That is only true if you are making a weapon for a specific monster with known resists, then you target the weakest resist - e.g. 100% fire weapon for miasma.
But, if you are making a general weapon (not a slayer) then it actually helps a little. Do the math or use the Stratics calculators to see what I mean.
I have done the math - I was a math teaching major before health made me drop out of college as a Senior. (so, I'd had and passed with As & Bs all the math and statistics courses up to Calculus IV). You're reading too much into those numbers.

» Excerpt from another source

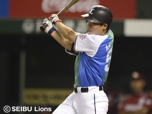 2番 秋山 左安 0-2から高めのストレートをたたくと、鋭いライナーがレフトで弾む! 秋山はこれで13試合連続ヒットを記録! |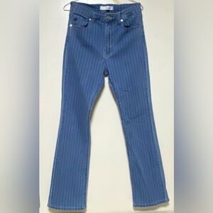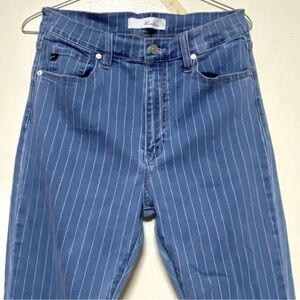 Kancan pinstripe jeans, size 9/28, featuring a high-rise waist, flattering fit, and signature stretch denim. Known for their blend of comfort and trendy style, these jeans can easily be dressed up or down.

The Stratics Calculator (And all the calculators like it) are based on the assumptions
1. That CW is not used
2. The weapon has no elemental properties other than imparted by the metal.
which one or both typically aren't true.
When you start running into the creatures that have high resists overall (which happens to be, most of the time, when you start crafting weapons for specific tasks), the benefits of a weapon getting only the metal type virtually evaporate.
The only creatures that you potentially benefit with a Valorite weapon against are ones that have Physical as their highest resist (which I'll admit is the most common), and even then you're tossing 40% of the resist still against their best resist. In many cases, you'd be better off with Verite (which only leaves 30% in Physical Damage).
Consecrate weapon is 100% Damage versus the worst resist.
Armor Ignore is 90% damage versus ZERO resist.
If a creature's resists are all high, all valorite will do is give you 0-5 more points of damage (typically, the quicker the weapon, the lower the benefit), that typically are insignificant when fighting anything that takes ten or less hits to kill.
An extra 5 points an attack is significant in PvP; in PvM, you'll have to do 10-20 attacks with a valorite weapon to where the damage is statistically different (from using a normal weapon (and might be less, based on the creature's resists, instead of more) - and if you're fighting it that long, you've probably lost track of number of hits already. Consider that if something has 540 HP, 6 hits at 100 is no different than 6 hits at 95 (and in a real game situation, that 100 would more likely be 98 or 97). The chance of just lucking into mobs where that tiny bit of damage will make more than 1 attack difference (with that much variability already present in the hit chance rolls), is fairly slim - especially since most fights are so short. If fights are longer, then you're usually back to fighting specific monsters again, and you exempted them from the discussion yourself.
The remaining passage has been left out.